Some further overdubbing was scheduled, but with recording essentially finished, Arthur Baker was left to mix the album. "I'm not too experienced at having records sound good," said Dylan. "I don't know how to go about doing that. With Arthur Baker...I just went out and recorded a bunch of stuff all over the place, and then when it was time to put this record together, I brought it all to him and he made it sound like a record."

Songs
The opening track, "Tight Connection to My Heart (Has Anybody Seen My Love)", was originally recorded for 1983's Infidels under the title "Someone's Got a Hold of My Heart" (eventually released on The Bootleg Series Volumes 1–3 (Rare & Unreleased) 1961–1991). It was re-written and re-recorded several times before finding its way on to Empire Burlesque. A lushly produced pop song riding a reggae groove courtesy of Robbie Shakespeare and Sly Dunbar (better known as Sly & Robbie), the love song was singled out as the best track on the album by the most recent edition of The Rolling Stone Album Guide. The track, which features Mick Taylor on guitar (from Dylan's 84 Tour), was also chosen as the first single for Empire Burlesque.

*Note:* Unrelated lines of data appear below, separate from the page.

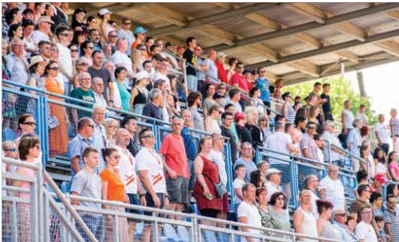
A rekkenő hőségben is sokan voltak kíváncsiak az atlétika sztárjaira

A rekkenő júliusi hőségben is szép számmal látogattak ki a szurkolók a Bregyó közti Regionális Atlétikai Központba kedden. A Székesfehérváron tizedik alkalommal megrendezett Gyulai István Memorial Atlétikai Magyar Nagydíj délután kettőkor a férfi kalapácsvetéssel kezdődött. A magyar és külföldi atléták fantasztikus teljesítményekkel kápráztatták el a nézőket: tizennégy különböző nemzet sportolója nyert érmet, a jamaikaiak három aranyat is szereztek!
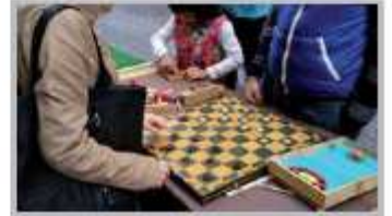
25 Aprile - I Giochi di Una Volta
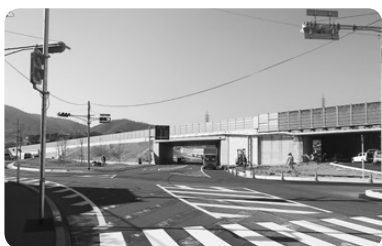
都市計画道路長江線

生活に密着した社会基盤の水準を引き上げ、暮らしの快適性、安全性を高めるため、緊急度、重要度、効率性等を総合的に判断し、優先度の高い箇所、地域から段階的に行ってまいります。
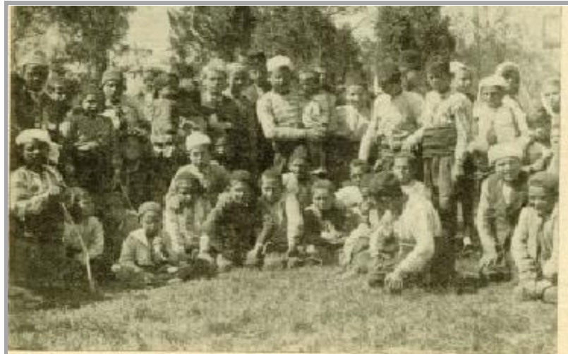
GROUPE DE TZIGANES BULGARES, CLIENTS DES OBLATES INFIRMIÈRES
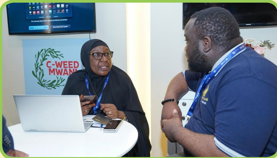
Wataalamu kutoka Ofisi ya Makamu wa Rais wakitoa maelezo kuhusu masuala mbalimbali kwa wananchi waliotembelea banda la Tanzania - B86 katika Viwanja vya Dubai Expo City, Dubai - Umoja wa Falme za Kiarabu (UAE)
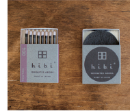
004 Ylang Ylang

A fragrance that blends the sweetness of a rose with a green note. * For the times when you want to restore the balance of an insecure spirit.

Clinton Heylin describes "Seeing the Real You at Last" as "a compendium of images half remembered from Hollywood movies", as many of the lyrics made "allusions to Humphrey Bogart movies, Shane, even Clint Eastwood's Bronco Billy."

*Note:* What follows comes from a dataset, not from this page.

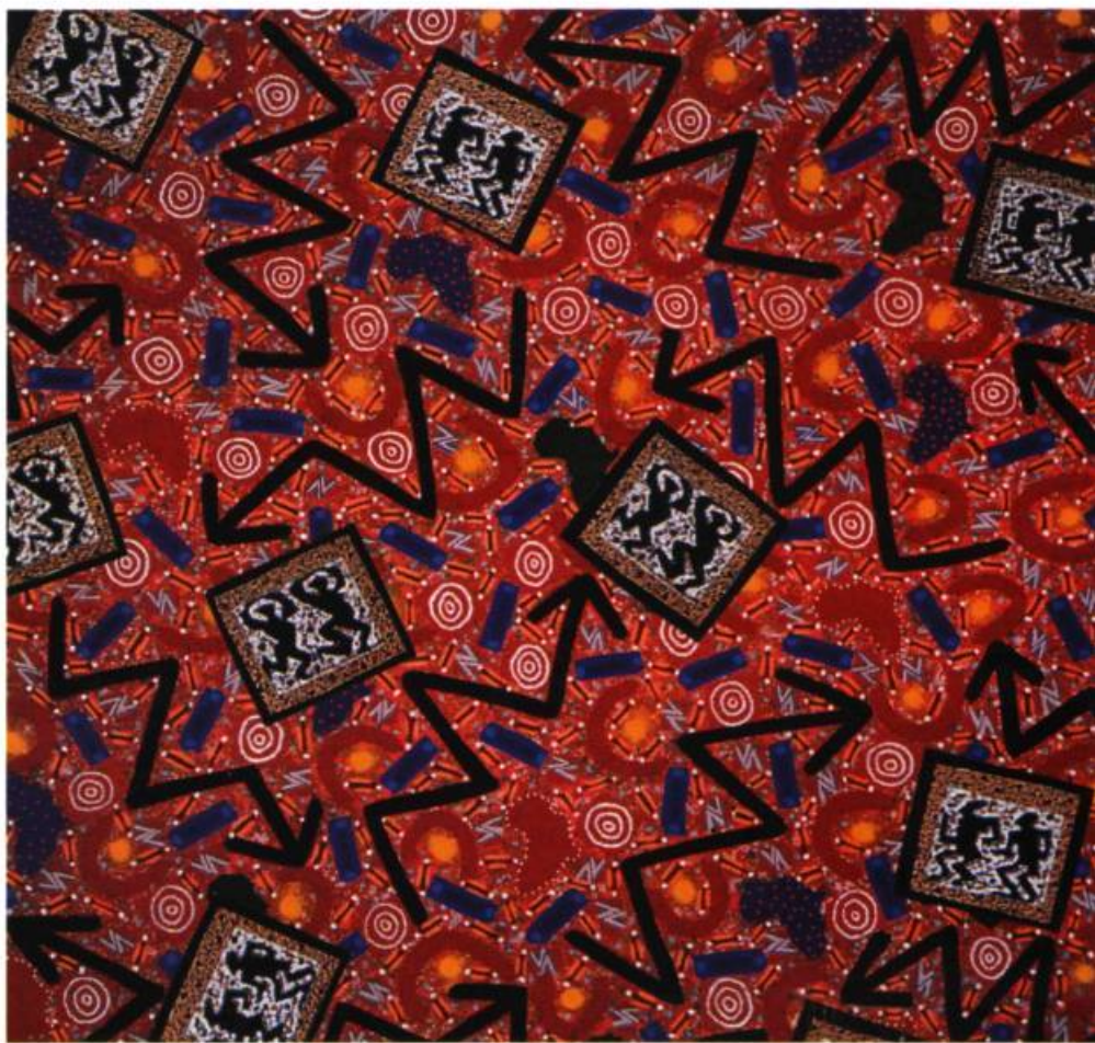
Maquette pour une estampe pour le festival de jazz, 1998.

Mais, qu'on ne s'y trompe pas; le qui-proquo est tel que la dérive de l'image du reptile devient très rapidement, comme le titre d'une œuvre le suggère, la balade des

The love ballad "I'll Remember You" was still played in concert until 2005, more so than all but one other song from Empire Burlesque. It was also featured, in an acoustic version, in the movie Masked & Anonymous, though not included on the released soundtrack.

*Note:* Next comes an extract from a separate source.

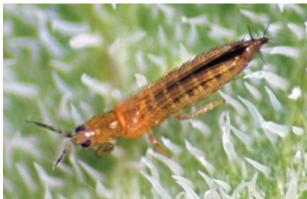
תריפס קליפורני ( Frankliniella occidentalis ), מזיק ונשא של וירוס כתמי הנבילה של העגבניה (TSWV), הפוגע בעיקר בגידולי עגבניה ופלפל בישראל ובעולם

בפרט, בוסס קשר חיובי חזק בין טמפרטורה וקצב ההתפתחות של חרקים [3] , והוערך שהתחממות של 2 מעלות צלזיוס עשויה לאפשר למזיקים שונים להשלים עד חמישה מחזורי רבייה נוספים בעונה [5] , ובכך להגביר באופן מעריכי את פוטנציאל הרבייה המרבי שלהם. לפיכך, צפוי שהתחממות האקלים תגרום להתפרצויות של אוכלוסיות נשאי מחלות, שגלומה בהן סכנה לאספקת המזון, כמו גם לאוכלוסיות בר ולאדם. קשה יותר להעריך את פוטנציאל הבקרה הביולוגית של מחלות על-ידי אויבים טבעיים בתנאים כאלה. לשם ביצוע הערכה כזו פיתחנו מודלים מתמטיים המתארים מנגנונים כלליים העומדים בבסיס דינמיקות ההפצה של שתי קבוצות מרכזיות של מחלות צמחים: מחלות שנגרמות מפתוגנים מתמידים (persistent), ששוכנים בגוף הנשאים לאורך רוב שלבי חיי הנשא, ומחלות שנגרמות מפתוגנים בלתי מתמידים (non-persistent),
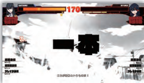
様々な攻撃を行い対戦相手の体力ゲージを0にすると 1本 。

"Clean-Cut Kid" was another song recorded during the Infidels sessions. The lyrics weren't finished until much later, and the finished result was included on Empire Burlesque. In the interim Bob gave the song to Carla Olson of the Textones as a thank you for her appearing in his first-ever video, for Sweetheart Like You. She included it on the Textones' debut album Midnight Mission and Ry Cooder was featured on slide guitar. A novelty song wrapped around sharp political commentary, the 'clean-cut kid' is an average American kid who's radically altered by his experience in the Vietnam War. Village Voice critic Robert Christgau praised it as "the toughest Vietnam-vet song yet."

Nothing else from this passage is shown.